YOUR GOAL - Write out all the entries word for word and omit any pictures.

DATA EXTRACTS -

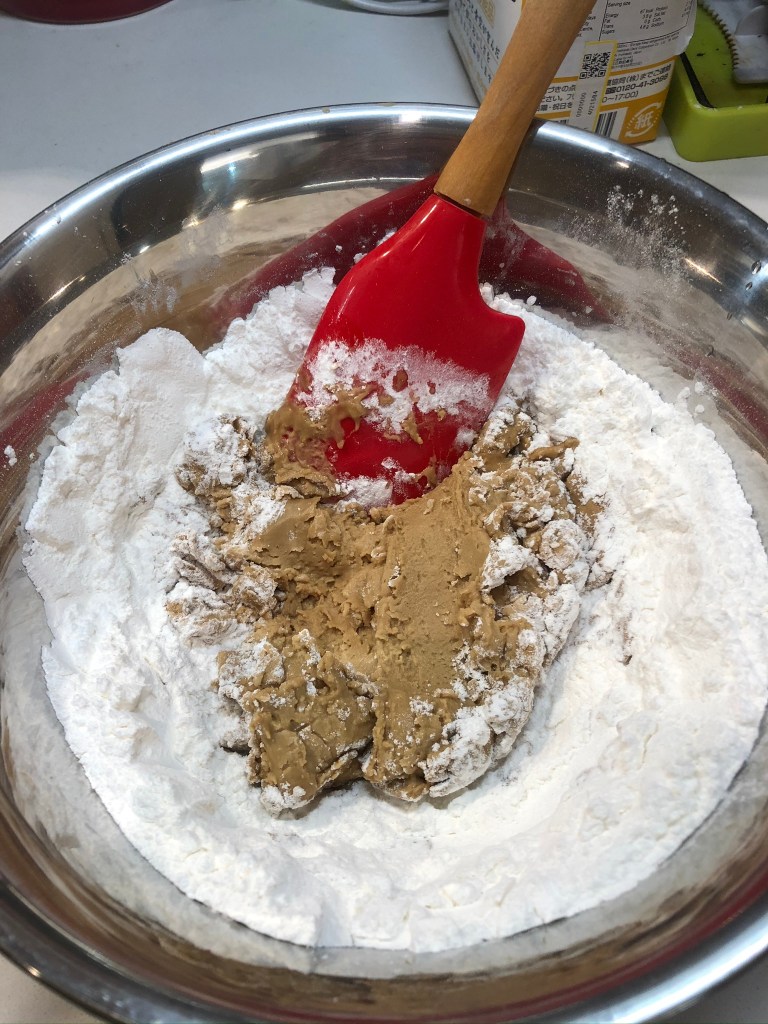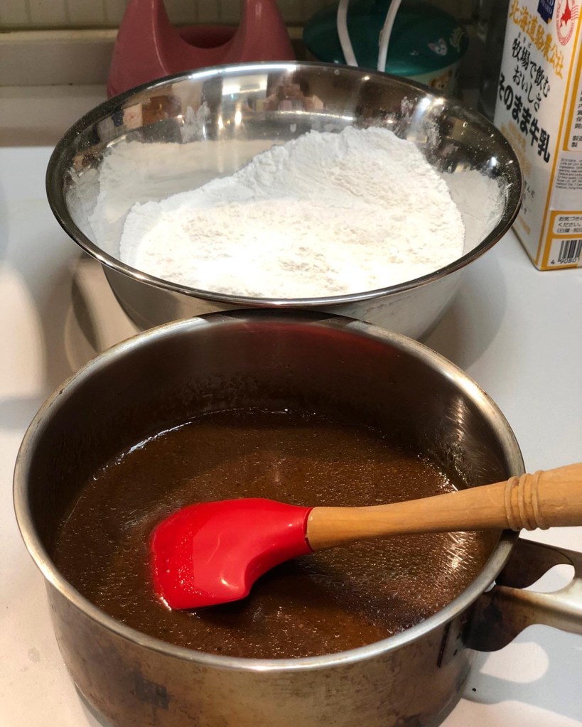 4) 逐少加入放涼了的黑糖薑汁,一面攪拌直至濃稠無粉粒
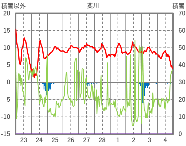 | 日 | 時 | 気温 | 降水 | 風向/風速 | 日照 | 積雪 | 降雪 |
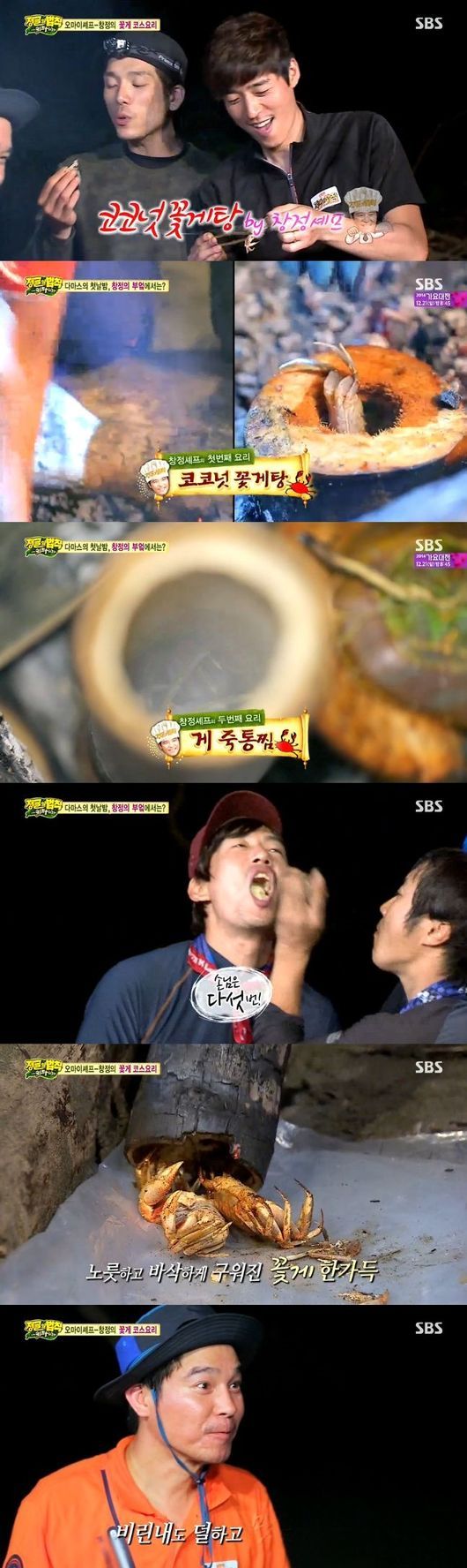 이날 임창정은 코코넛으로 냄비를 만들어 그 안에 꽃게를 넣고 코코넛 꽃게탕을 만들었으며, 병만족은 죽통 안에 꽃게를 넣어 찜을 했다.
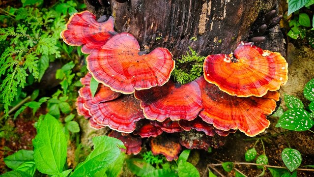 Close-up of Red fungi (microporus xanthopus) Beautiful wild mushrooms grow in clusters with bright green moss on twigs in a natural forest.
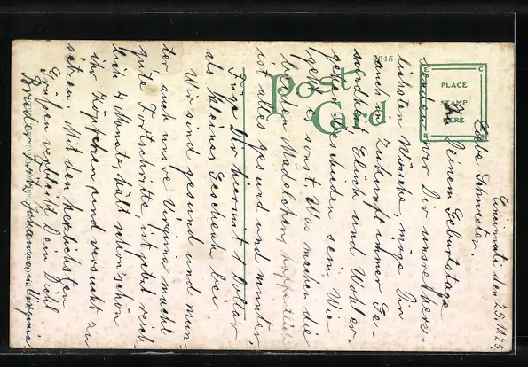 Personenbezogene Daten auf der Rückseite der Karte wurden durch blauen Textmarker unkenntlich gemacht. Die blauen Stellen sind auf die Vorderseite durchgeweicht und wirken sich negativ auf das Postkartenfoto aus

COMPLETED TASK -
 4) 逐少加入放涼了的黑糖薑汁,一面攪拌直至濃稠無粉粒
 | 日 | 時 | 気温 | 降水 | 風向/風速 | 日照 | 積雪 | 降雪 |
 이날 임창정은 코코넛으로 냄비를 만들어 그 안에 꽃게를 넣고 코코넛 꽃게탕을 만들었으며, 병만족은 죽통 안에 꽃게를 넣어 찜을 했다.
 Close-up of Red fungi (microporus xanthopus) Beautiful wild mushrooms grow in clusters with bright green moss on twigs in a natural forest.
 Personenbezogene Daten auf der Rückseite der Karte wurden durch blauen Textmarker unkenntlich gemacht. Die blauen Stellen sind auf die Vorderseite durchgeweicht und wirken sich negativ auf das Postkartenfoto aus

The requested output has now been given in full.